According to a newly released report by Amnesty International, the Chibok girls are but a small fraction of the 2,000 women and children who have been abducted by Boko Haram since the beginning of 2014. The testimonies of those who escaped makes for grim reading: repeatedly raped, married against their will and forced to fight. It is likely the Chibok girls share similar fates, if they are alive at all — when Gwoza, the capital of Boko Haram’s self-declared caliphate, was recaptured in late March, residents reported that the fleeing militants killed their wives and stuffed the bodies into wells rather than let them be captured by “infidels.” But residents, speaking to the BBC, said they had seen about 50 of the Chibok girls under Boko Haram guard in the weeks before the city fell. “I don’t believe they are dead,” says Yesufu, the activist, by telephone from Abuja. “They are alive, somewhere. Boko Haram understands the importance of these girls, and will want to keep them as bargaining chips.” Shekau has declared in several video broadcasts that the girls, many of whom were Christian, had either converted to Islam and been married off, or refused to convert and sold as slaves.

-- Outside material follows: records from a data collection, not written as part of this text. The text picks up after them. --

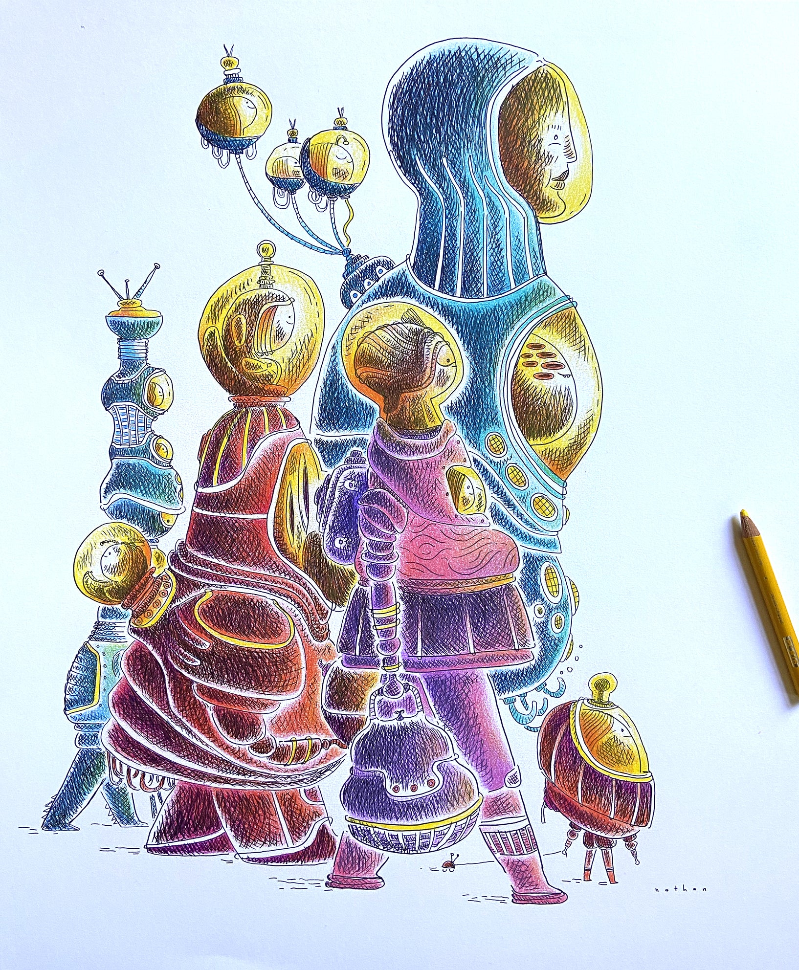 Medium: Pen with Prismacolor colour pencil on acid free paper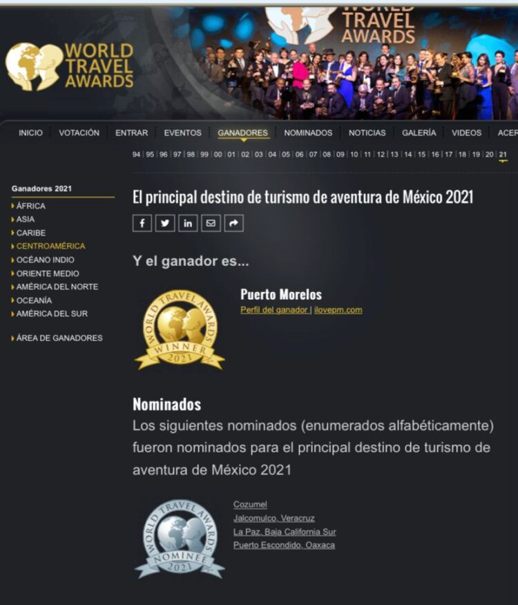 Puerto Morelos, Quintana Roo, 22 de octubre de 2021.- Puerto Morelos fue elegido por tercer año consecutivo como el mejor Destino de Aventura de México, en los World Travel Awards (WTA) 2021, reconocimiento que se otorga a la excelencia de la industria de viajes y turismo.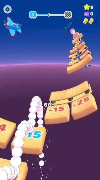 1、落到带有数字的木板上,就会根据上面显示的增加或者减少小球。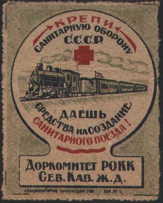 1932 1932 г. Разм. 53 х 68 мм. Трехцветная печать на сероватой рыхлой бумаге низкого качества. В центре круглая рамка диаметром 50 мм, переходящая внизу в прямоугольную рамку. В круглой рамке в центре санитарный поезд. Выше красный крест. Сверху полукругом текст в три строки: «Крепи санитарную оборону С.С.С.Р.». Внизу полукругом текст в три строки: «Даешь средства на создание санитарного поезда!». Внизу в прямоугольной рамке текст в три строки: «Доркомитет РОКК Сев[еро]. Кав[казской]. ж. д.». Внизу мелким шрифтом выходные данные: «Адыглитография. Краснодар. Тир. Зак №7».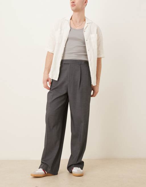 ASOS DESIGN smart wide leg pants with front pleat in gray herringbone with elastic waist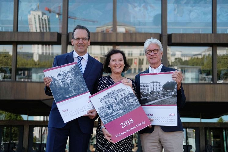 Volker Bremer und Marit Schulz (LTM GmbH) präsentieren gemeinsam mit Dr. Volker Rodekamp (Stadtgeschichtliches Museum Leipzig) vor dem Gewandhaus den Historischen Kalender 2018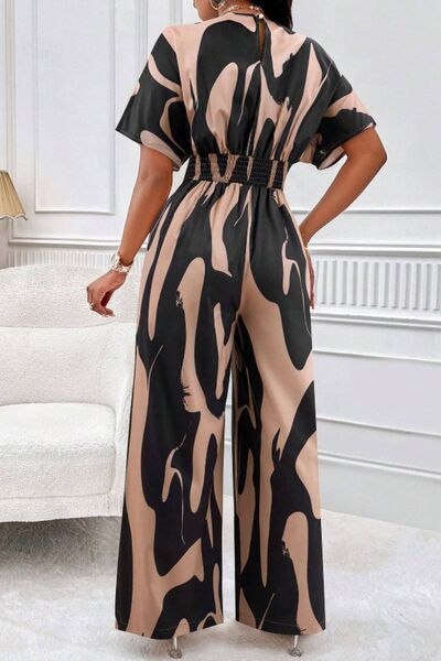 Printed V-Neck Short Sleeve Wide Leg Jumpsuit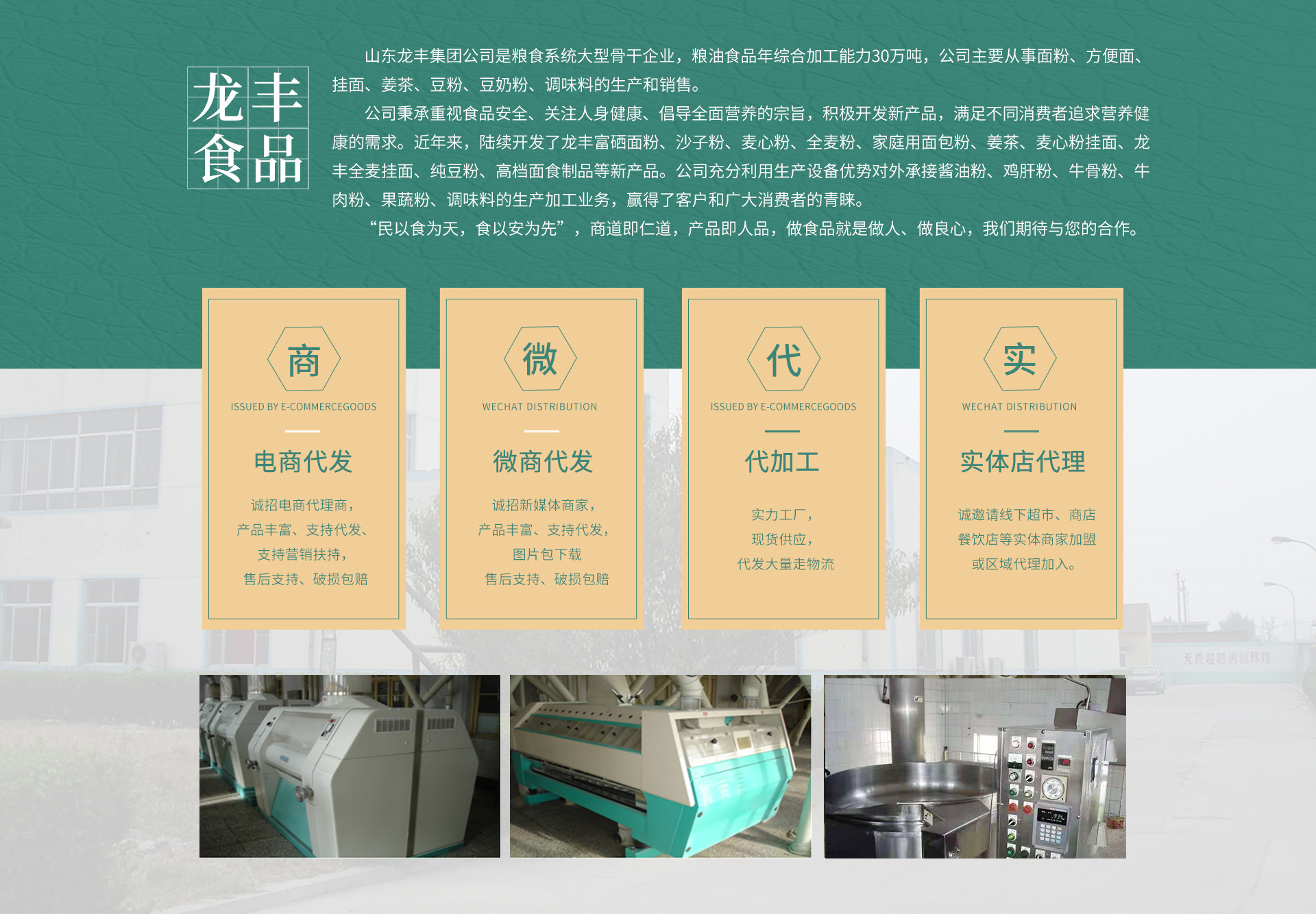 新龍亞洲食品(煙臺)有限公司成立于1993年,年生產能力為6萬噸。主要產品為“龍豐”牌系列方便面,包括:休閑食品系列、袋裝面系列、杯裝系列、碗裝系列及OEM加工系列。 公司擁有國內先進的方便面生產線,生產線配備了先進的檢驗、試驗、計量設施。主要原料選用“龍豐”牌方便面專用粉,其質量在全國同行業位居前列。“龍豐”系列方便面干食香脆可口,久煮不斷條,不糊湯,產品暢銷全國,并已銷往世界各地,深受消費者喜愛。 近年來,我公司依靠沿海的優越地理位置及方便面配套產業一條龍的優勢,努力打造以方便面出口和OEM加工為主體的方便面專業航母。在管理上,公司始終堅持以市場為導向,與時俱進的經營思路,建立了一套適合公司實際的質量管理體系,于1997年通過了ISO9002質量休系認證,成為方便行業首家通過質量認證的企業;于2005年通過了HACCP體系認證,進一步改進了公司的管理水平,提高了公司綜合競爭力。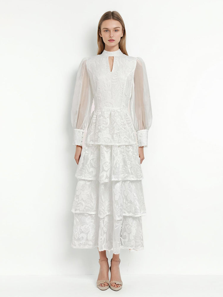Indulge in luxury with our Elegant Hollow Out Embroidery Long Dress. This exquisite garment features intricate cutout details and delicate embroidery, creating a see-through effect that is both alluring and sophisticated. With lantern sleeves and a ruffled hem, this dress exudes elegance and style. Elevate your wardrobe with this statement piece.

Just a few months after the Chibok kidnapping, Boko Haram launched a series of devastating suicide attacks by women, leading some to speculate that the girls could have been brainwashed, or otherwise forced into detonating explosive vests and backpacks in crowded markets. “When Kano saw four explosions in the space of a week in July, all apparently involving young women or teenagers, the first thought was: Is this the Chibok girls?” says Elizabeth Pearson, a doctoral researcher in gender and radicalization at King’s College London and a member of the Nigeria Security Network. As a tactic, it is extremely effective: male security guards are loath to pat down female shoppers, and few suspect women to be suicide bombers. With female bombers, “the shock and fear value is greater. With young women being used particularly, this guarantees greater publicity and media coverage.” But the evidence is inconclusive, notes Pearson. There has been no DNA testing, and the damage wrought by the bombs makes visual identification all but impossible.

For Mark, the idea that his daughter might be living as a captive, abused, enslaved and terrified, is worse than the idea of her being dead. He was told, early on, that one of the kidnapped girls had refused to convert to Islam. As punishment, she was stoned to death. “If that really happened,” he told TIME in January, “it might be my daughter, because she holds her Christian faith so strong. If my daughter was stoned to death for Christ’s sake, I will be grateful.” For some, a martyr’s brutal death gives more comfort than knowing nothing at all.